### To do
Write out the data that follows exactly, keeping every picture out.

### Dataset section
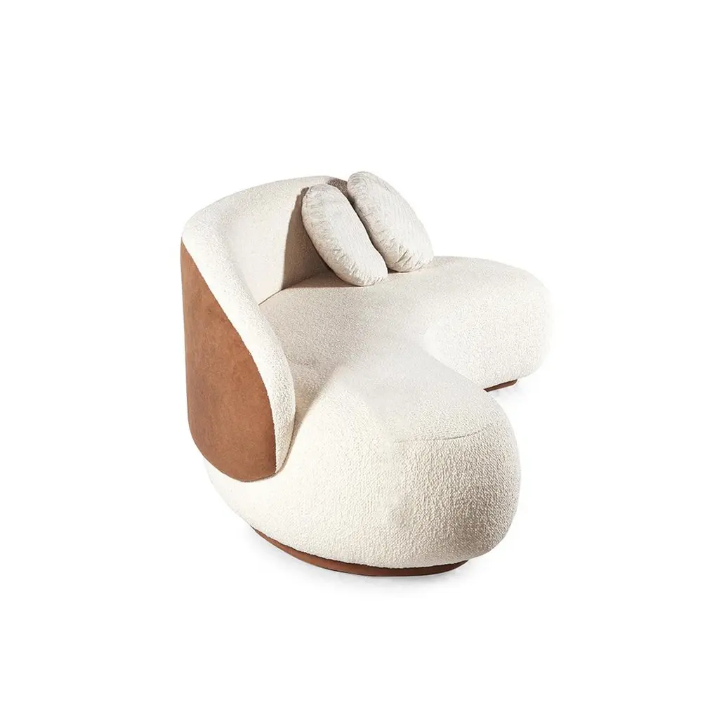The inspiration for the design features comes from the Italian name Pietra: The translation Stone, an element of organic nature that brings a feeling of biophilia and well-being to the applied environments.The Pietra couch is designed with pure, fluid and organic shapes.Covered with a mix of comfortable fabrics: off-white boucle on the front and polyester with a “natural skin” finish in coffee color on the back. It can be completely upholstered in off-white bouclé fabric. Request!The internal structure of the curved shape is made of wood. The persints and internal foam make the seat comfortable to sit on, with softness. The curved format brings people who are talking on the couch closer together, making it easier to see each other. The curved back hugs the sitter.It is a hand-upholstered product, customized for your home. The piece's by Pietra Collection are sold separately (couch, armchair, pouf and pillows) - this reference is only for the couch (The image is only suggestive, must be purchased separately.).
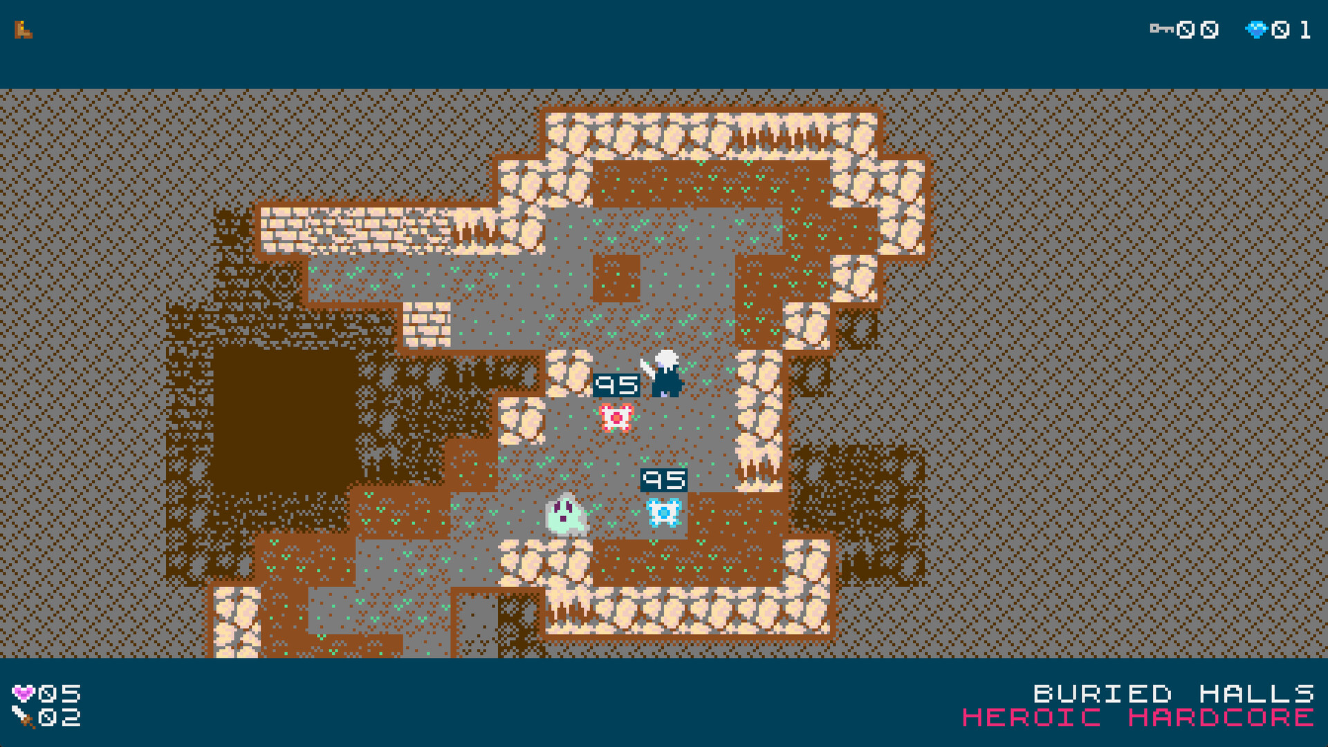 The controls are extremely simple - at its core, you'll adventure around the world using only four directional inputs. Arrow keys, WSAD, or a gamepad are some options. Enemies only move when you do- so strategy is more important than reflexes. One of the design objectives was to take the simplest gameplay we could, and see how much we could create with it. And the answer turned out to be quite a lot. Hero's Spirit was developed over quite a few years, and saw several revisions and updates along the way. To say that its special to us, as developers, would be an incredible understatement- it continues to be a beloved passion project of ours.
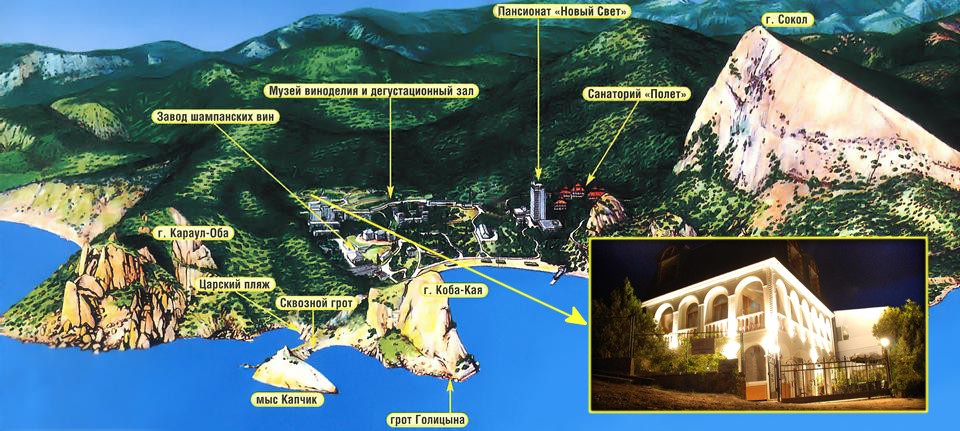 С лета 2020 года лесхоз установил шлагбаумы и таблички с запретами на въезд и проход в заказник, поэтому поставить машину около нас нет возможности. На территории Нового Света есть партковки при въезде и у завода Шампанских Вин Новый Свет. Либо можно припарковать автомобиль ниже нас у жилого дома.

### Solution to this problem
The inspiration for the design features comes from the Italian name Pietra: The translation Stone, an element of organic nature that brings a feeling of biophilia and well-being to the applied environments.The Pietra couch is designed with pure, fluid and organic shapes.Covered with a mix of comfortable fabrics: off-white boucle on the front and polyester with a “natural skin” finish in coffee color on the back. It can be completely upholstered in off-white bouclé fabric. Request!The internal structure of the curved shape is made of wood. The persints and internal foam make the seat comfortable to sit on, with softness. The curved format brings people who are talking on the couch closer together, making it easier to see each other. The curved back hugs the sitter.It is a hand-upholstered product, customized for your home. The piece's by Pietra Collection are sold separately (couch, armchair, pouf and pillows) - this reference is only for the couch (The image is only suggestive, must be purchased separately.).
 The controls are extremely simple - at its core, you'll adventure around the world using only four directional inputs. Arrow keys, WSAD, or a gamepad are some options. Enemies only move when you do- so strategy is more important than reflexes. One of the design objectives was to take the simplest gameplay we could, and see how much we could create with it. And the answer turned out to be quite a lot. Hero's Spirit was developed over quite a few years, and saw several revisions and updates along the way. To say that its special to us, as developers, would be an incredible understatement- it continues to be a beloved passion project of ours.
 С лета 2020 года лесхоз установил шлагбаумы и таблички с запретами на въезд и проход в заказник, поэтому поставить машину около нас нет возможности. На территории Нового Света есть партковки при въезде и у завода Шампанских Вин Новый Свет. Либо можно припарковать автомобиль ниже нас у жилого дома.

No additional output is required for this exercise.